FELEMN: Toward Efficient Feature-Level Machine Unlearning for Exact Privacy Protection

Published: 01 Jan 2025, Last Modified: 20 Nov 2025IEEE Trans. Knowl. Data Eng. 2025EveryoneRevisionsBibTeXCC BY-SA 4.0
Abstract: Data privacy protection legislation around the world has increasingly enforced the “right to be forgotten” regulation, generating a surge in research interest in machine unlearning (MU), which aims to remove the impact of training data from machine learning models upon receiving revocation requests from data owners. There exist two major challenges for the performance of MU: the execution efficiency and the inference interference. The former requires minimizing the computational overhead for each execution of the MU mechanism, while the latter calls for reducing the execution frequency to minimize interference with normal inference services.

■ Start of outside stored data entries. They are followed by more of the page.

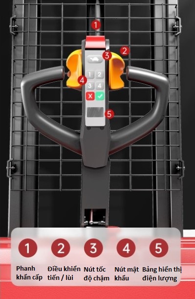 Tích hợp các nút: tiến – lùi, nâng – hạ, còi, tốc độ, giúp thao tác nhanh gọn, chính xác.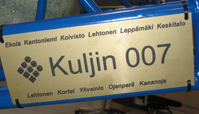 Kuljin 007 -kiituria voi käydä ihailemassa Technobothniassa kone- ja tuotantotekniikan laboratoriossa.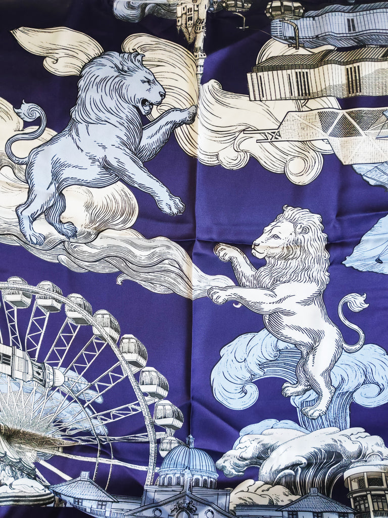 攤開這條絲巾,我對圖案的細膩細節驚嘆—獅子、摩天輪和所有香港景點都活了起來。絲質有奢華的重量和光澤,讓它感覺特別。目前我用它當沙發披巾,但它渴望被戴出去。就像擁有一件可穿戴的藝術品,講述故事。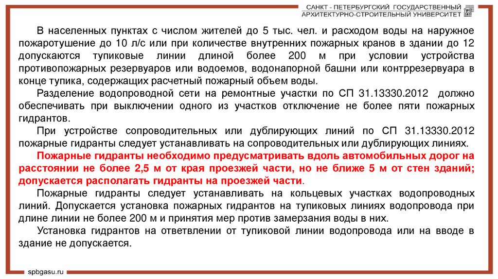 участков водопроводной сети и (или) пожарных гидрантов, находящихся на территории
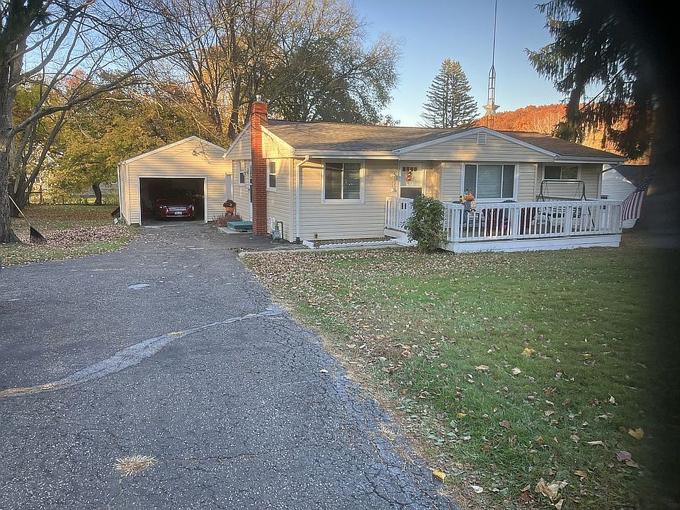 3 bedroom ranch, 3/4 finished basement with glass block windows, 1 bath, hardwood floors refinished in 2018, decent kitchen, good size dining room, larger living room, fresh double hung windows and vinyl siding, detached 1.5 car garage, natural gas heat, almost 3/4 acre lot, asphalt driveway with a turnaround, 12’ by 24’ wood front deck with railing, 10’ by 32’ back cement patio.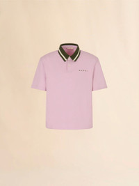 Short-sleeved polo shirt made from cotton pique. Regular fit with button placket. Contrast collar with stripe. Finished with a rubberised Marni logo print on the chest. MODEL POMU0051LSUTC59900C20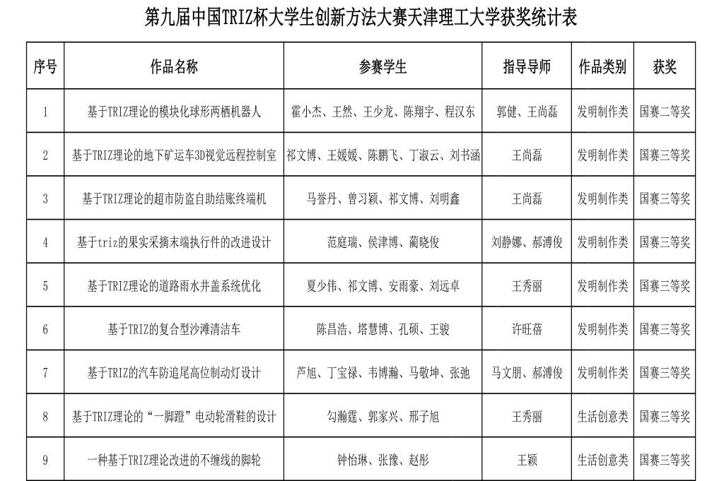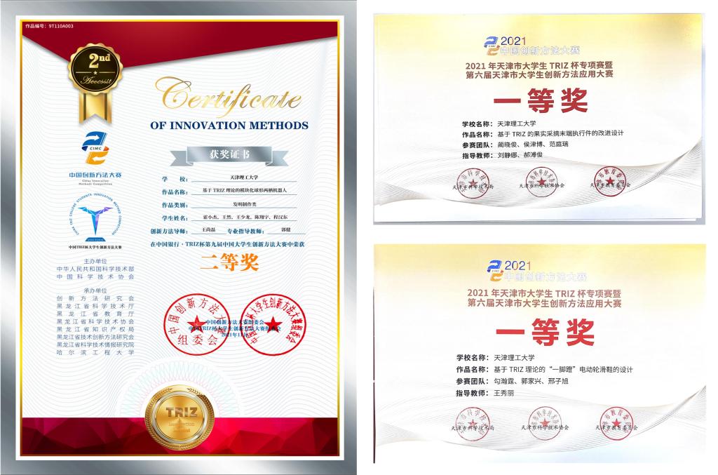 自2021年6月开始,在教务处和创新创业教育中心的指导下,管理学院、集成电路科学与工程学院、电气工程与自动化学院、机械工程学院、工程训练中心等多学院部门师生组建创新团队,开展多期创新方法知识培训,并针对比赛作品不断优化。最终在天津市赛130余项作品中荣获一等奖2项,二等奖3项,三等奖3项及优秀奖1项,并在国赛165所高校4347个参赛项目中荣获二等奖1项,三等奖8项,展现了米兰学子创新风采。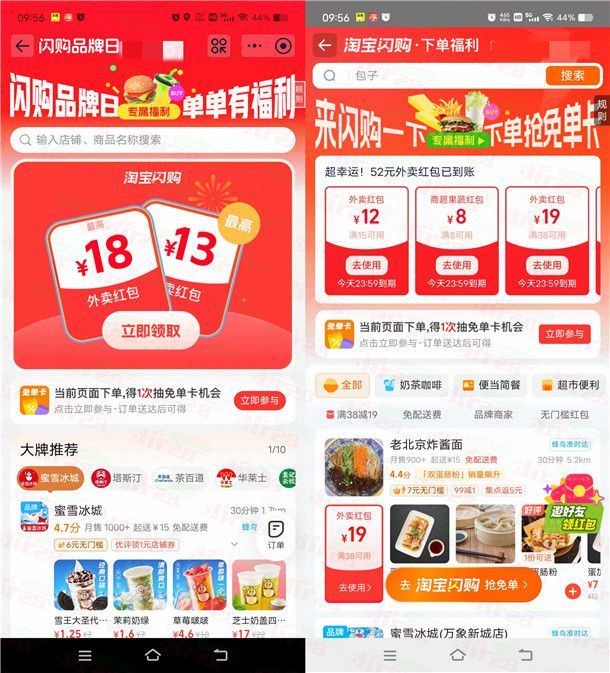 淘宝闪购每天领11-15元饿了么外卖券 可点饿了么外卖使用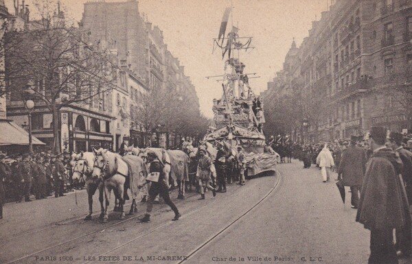 Cartolina Paris 1905 - Les fetes de la Mi-Careme. Char de la Ville de Paris.
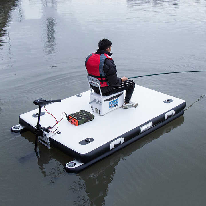 Plateforme de pêche gonflable à grande flottabilité, tapis de pêche pliable en drop-stitch, ponton compatible avec moteur hors-bord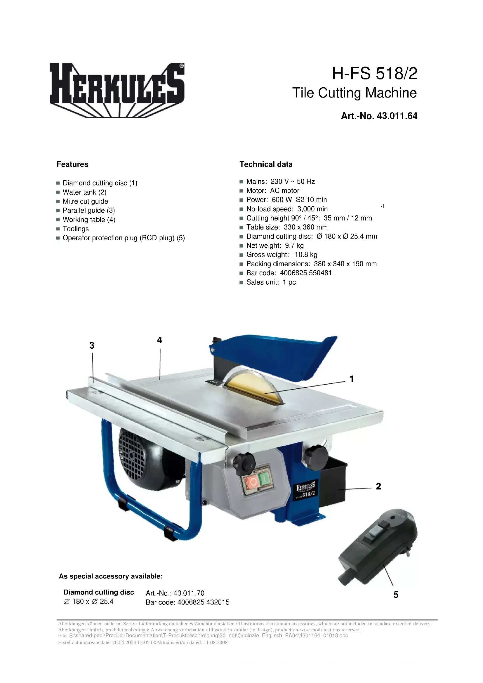 H-FS 518/2 - Scie Herkules - Notice d'utilisation et mode d'emploi gratuit
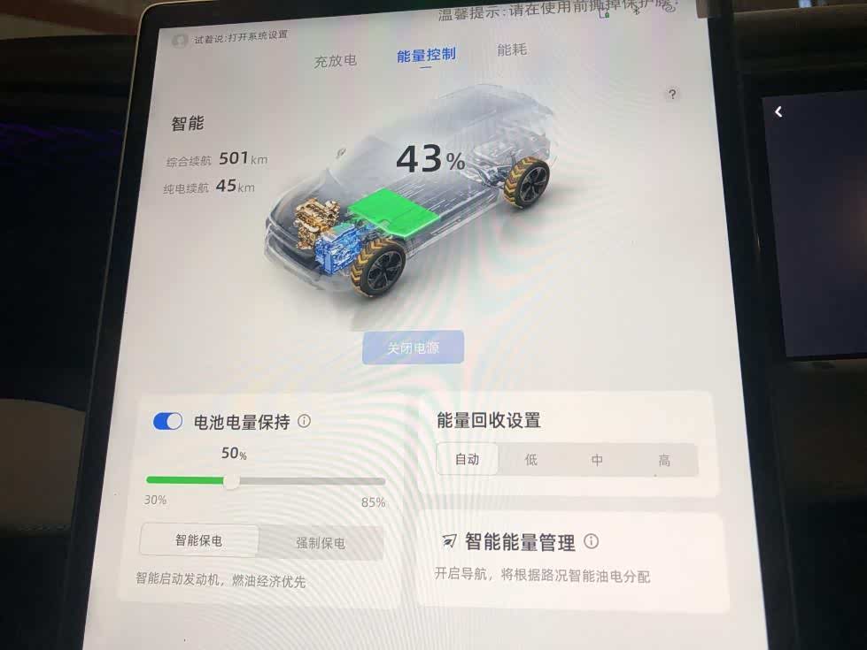 全新设计的UI美学,带来赏心悦目的视觉感受。比如动能回收时,中控屏上的图示极具动感和科技感,而常规图示,则极简凸显高级感。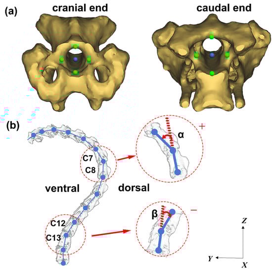 To measure the angle between adjacent cervical vertebrae, four points at the caudal end of the intervertebral foramen and four points at the cranial end of the intervertebral foramen are selected for each cervical vertebra (As shown in Figure 3a). The central blue point is calculated as the mean position of the four green points. The two central blue points at the caudal end and cranial end of the intervertebral foramen are connected to represent the transient position of each vertebra on the sagittal plane. Thus, the included angle between two adjacent vertebrae on the sagittal plane can be obtained, as shown in Figure 3b. The joint angle symbol is defined as “+” when the cranial vertebra is reversed to the ventral side with respect to the caudal vertebra, and “−” when the cranial vertebra is reversed to the dorsal side with respect to the caudal vertebra. Take the C7/C8 segments as an example, α represents the angle of C7 moves relative to C8, which is positive “+”. On the other hand, take C12/C13 segments as an example, β represents the angle of C12 moves relative to C13, which is negative “−”.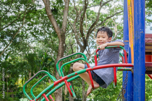 Fototapeta premium Little Asian boy playing at playground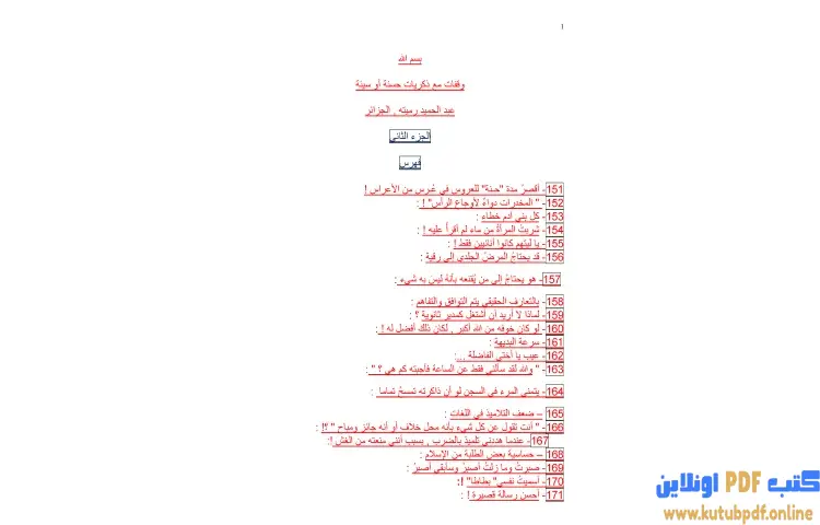 تحميل كتاب وقفات مع ذكريات حسنة أو سيئة 2 PDF – عبدالحميد رميته – يعد كتاب وقفــات مع ذكريات حسنة أو سيئة للكاتب عبدالحميد رميته من الأعمال الأدبية التي تسلط الضوء على تجارب شخصية مرت بها حياة الكاتب، حيث يسعى من خلال هذه المذكرات إلى تحقيق مجموعة من الأهداف النبيلة. يستهل الكاتب حديثه بإبراز أهمية تعليم الناس الدين، من خلال تناول بعض مسائل الحلال والحرام، خاصة في مجالات المعاملات، مما يساهم في توعية القراء بأحكام دينهم. كما يقوم بتسليط الضوء على الآداب والأخلاق الإسلامية، ليكون الكتاب مرجعاً في تعزيز القيم السليمة.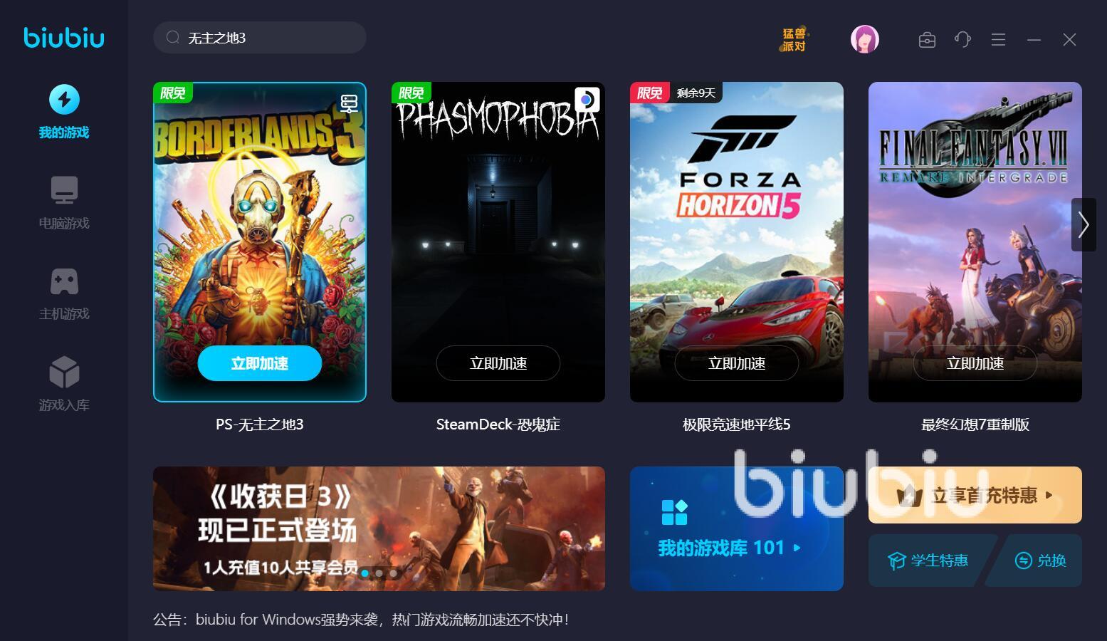 無(wú)主之地3不僅能單獨(dú)去玩,還可以組隊(duì)聯(lián)機(jī),在線上一起玩,其中原地復(fù)活的機(jī)制,讓大家可以無(wú)腦地向前猛沖,感受激烈有趣的戰(zhàn)斗。當(dāng)在線人數(shù)過(guò)多時(shí),游戲難免會(huì)發(fā)生一些卡頓或掉幀,這時(shí)候,要是有一個(gè)可靠的網(wǎng)絡(luò),就不會(huì)影響組團(tuán)打斗了。使用了biubiu加速器,可以有效降低延遲,并且軟件很容易上手,用戶(hù)只要打開(kāi)應(yīng)用,找到無(wú)主之地3的加速入口,接著點(diǎn)擊立即加速就行了?,F(xiàn)在下載體驗(yàn),還會(huì)享受新用戶(hù)注冊(cè)免費(fèi)使用加速24小時(shí)的福利。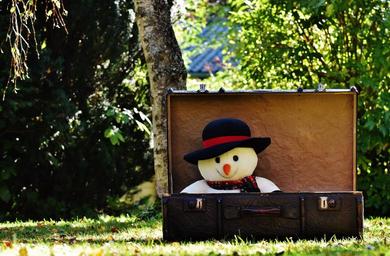 Keywords: winter ade snow man send away luggage antique funny leather old suitcase junk generations travel go away wave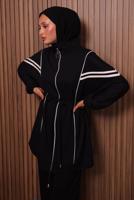 Tunik uzun kollu, astarsız, dik yaka, fermuarlı, manşetleri lastikli, beli bağcıklı.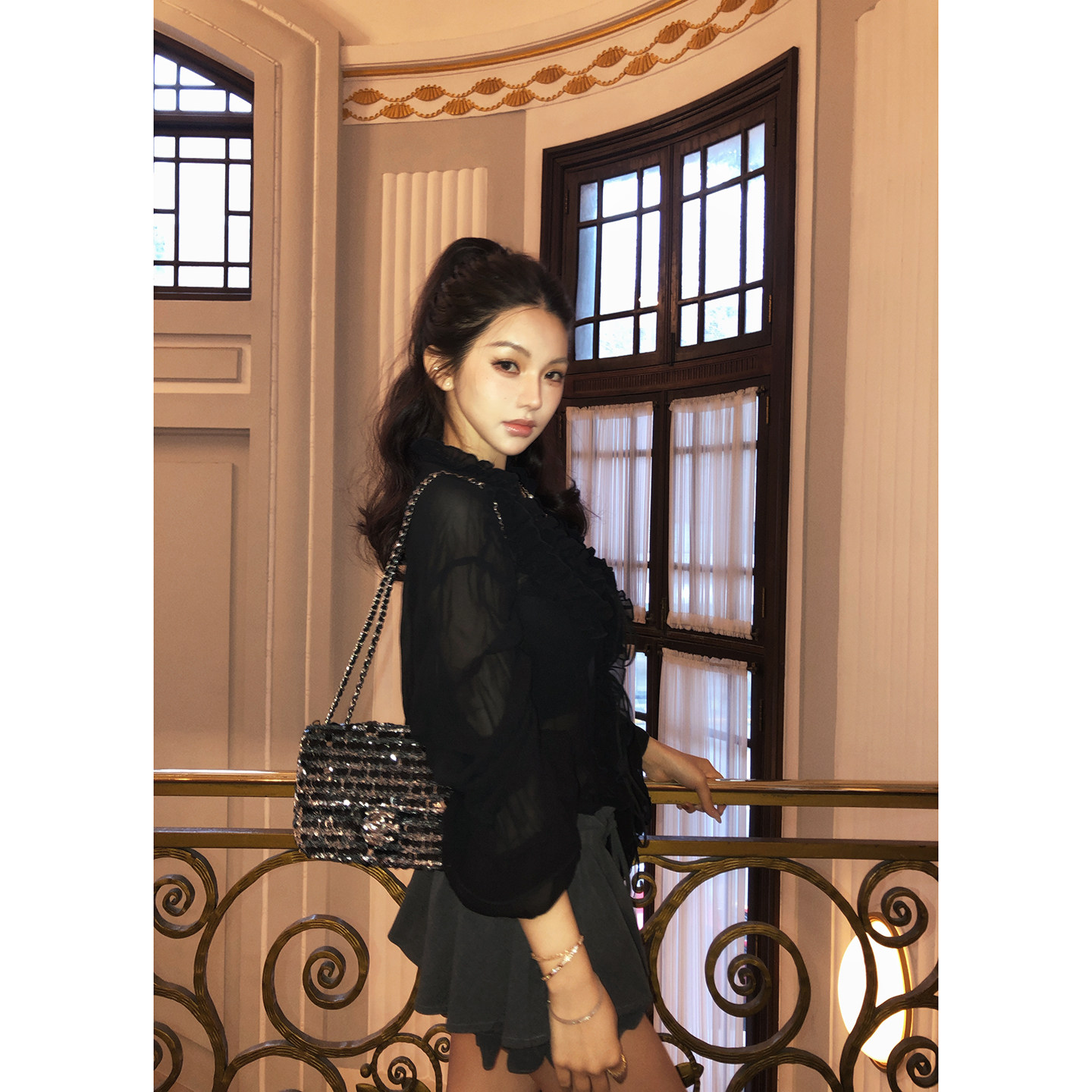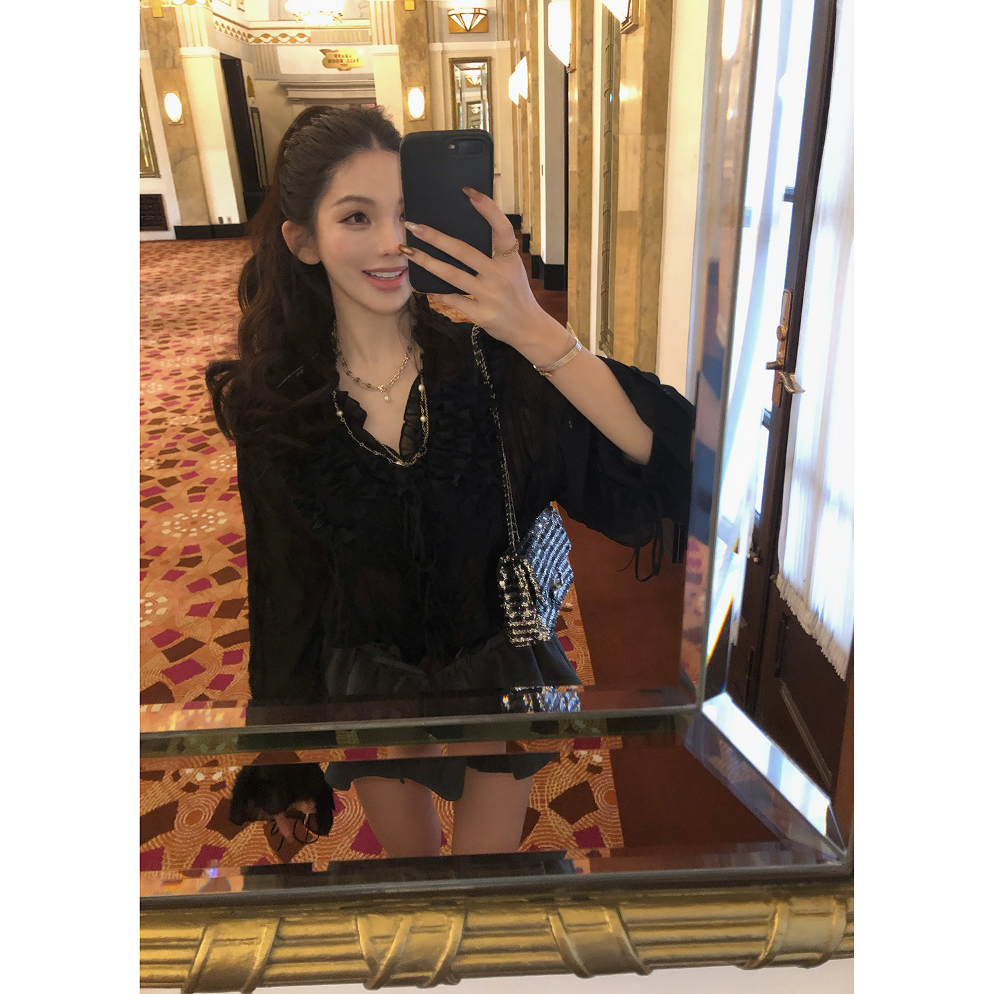 📚 PickRui睿哥 飘逸浪漫法式宫廷风木耳边衬衫女早春新款气质雪纺衫

Nowadays most MU studies focus on the sample-level unlearning setting, leaving the other paramount feature-level setting under-explored. Adapting these existing techniques to the latter turns out to be non-trivial. The only known feature-level work achieves an approximate unlearning guarantee, but suffers from degraded model accuracy and still leaves the inference interference challenge unsolved. We are therefore motivated to propose FELEMN, the first FEature-Level Exact Machine uNlearning method that overcomes both of the above-mentioned hurdles. For the MU execution efficiency challenge, we explore the impact of different feature partitioning strategies on the preservation of semantic relationships for maintaining model accuracy and MU efficiency. For the inference interference challenge, we propose two batching mechanisms to combine as many individual unlearning requests to be processed together as possible, while avoiding potential privacy issues coming with falsely postponing unlearning requests, which is grounded on theoretical analysis. Experiments on five real datasets show that our FELEMN outperforms up-to-date competitors with up to $3\times$ speedup for each MU execution, and 50% runtime reduction by mitigating inference interference.